Cardio training is the last step, and presents a risk to people with obesity or muscle lag, and should only be started after having made good progress in the previous stage.

The ideal is to be able to reach a point where there is the presence of strength and cardio exercises in the weekly routine, the main source of energy being fat, which will give the necessary proteins, and lower to a minimum level if not zero carbohydrates.

The recommendation is to feel your body, and the sensations of hunger and weakness, when you are lacking in carbohydrates prefer to consume them in the form of fruits or natural foods and avoid sugars and foods that do not spoil at all costs.

Olive oil and butter are especially effective at easily increasing calories from fats and reducing carbohydrates, and when you're confident about taking that step, go overboard with both by removing as many carbs as possible.

Even for athletes it is possible, without problems, to follow (and even highly recommended) this diet, only combining it with carbohydrates in the moments before and during training and competitions according to the feeling of weakness. Fat has even better results than carbohydrates in long races where energy consumption is higher and less intense.

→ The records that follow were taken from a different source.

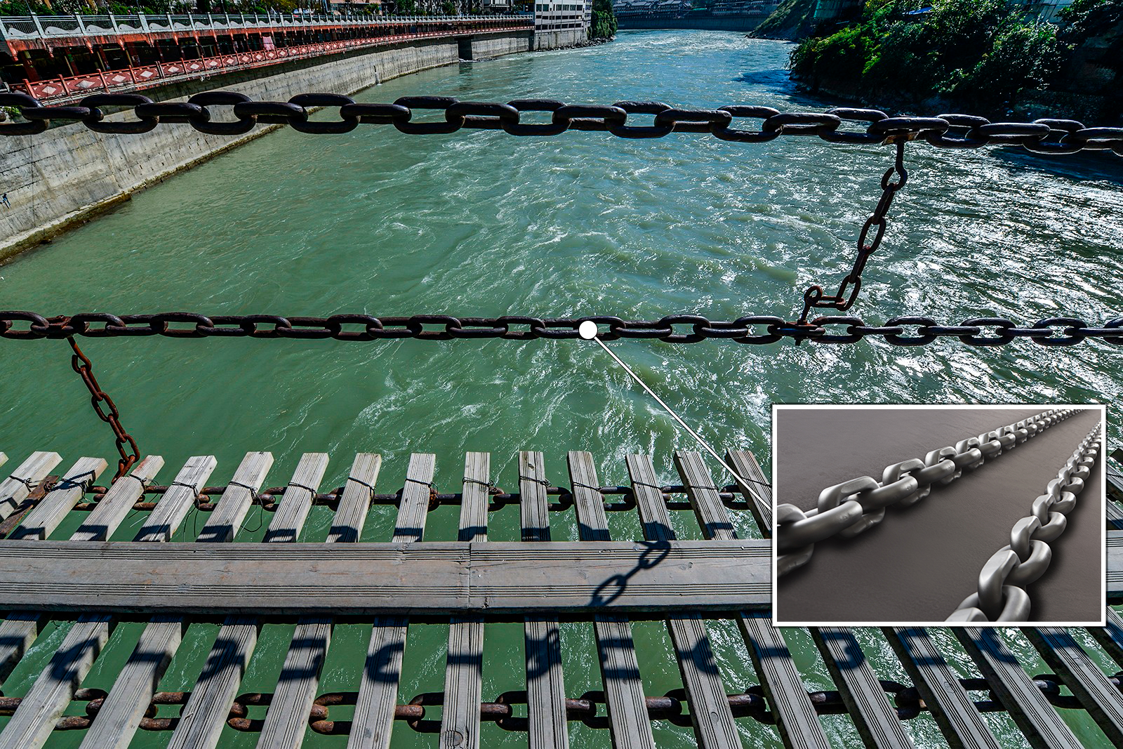 在山區(qū),由于地形復(fù)雜,道路建設(shè)難度大,鐵索橋便成為了一種重要的交通設(shè)施,除去能便利交通外,鐵索橋本身也具有一定的觀賞價值。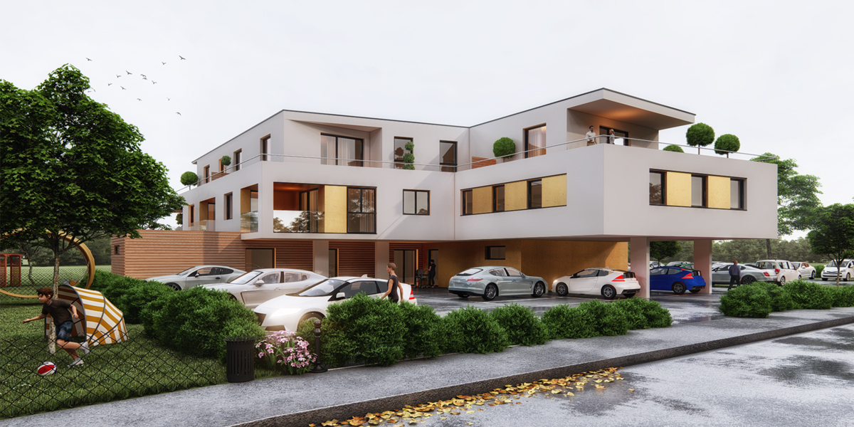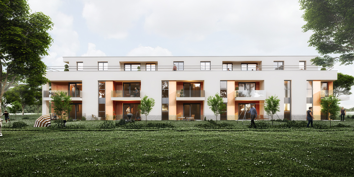 Neubau einer Wohnhausanlage für „Junges Wohnen“ mit 17 Wohneinheiten samt Stellplätzen, Nebenräumlichkeiten und Außenanlagen in 2821 Lanzenkirchen / Föhrenau Das Gebäude besteht aus Erd-, Ober- und Dachgeschoss und ist teilunterkellert. Die Anlage soll in Niedrigenergiebauweise errichtet werden. Die Wärmeversorgung erfolgt durch biogene Fernwärme. Die Wohnungen werden zum Teil im Erdgeschoss über offene Laubengänge bzw. über Gänge und das Stiegenhaus erschlossen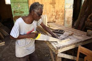 (251110) -- JARTUM, 10 noviembre, 2025 (Xinhua) -- Imagen del 28 de octubre de 2025 de un artesano fabricando un...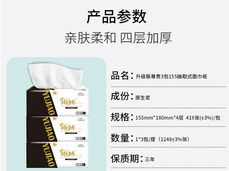 升級(jí)版尊貴3包155mm抽紙

The salt contained in food is not a problem, the replacement of mineral salts is necessary for the body and it is not uncommon for long-distance athletes to carry salt capsules, showing the importance of balancing mineral salts for the correct functioning of the body.

This type of diet has been shown to be effective against cancer, and the simplistic logic is that cancer cells are defective cells that reproduce, and the fact that they are defective implies that they will have difficulty feeding themselves in the most complex process the mitochondria, taking energy from fat, following this principle this diet starves cancer cells.

Remove all your prejudices against eggs, red meat, pork. No matter who you are or your lifestyle, only consume carbohydrates at the bare minimum, and that minimum is much lower than you might think.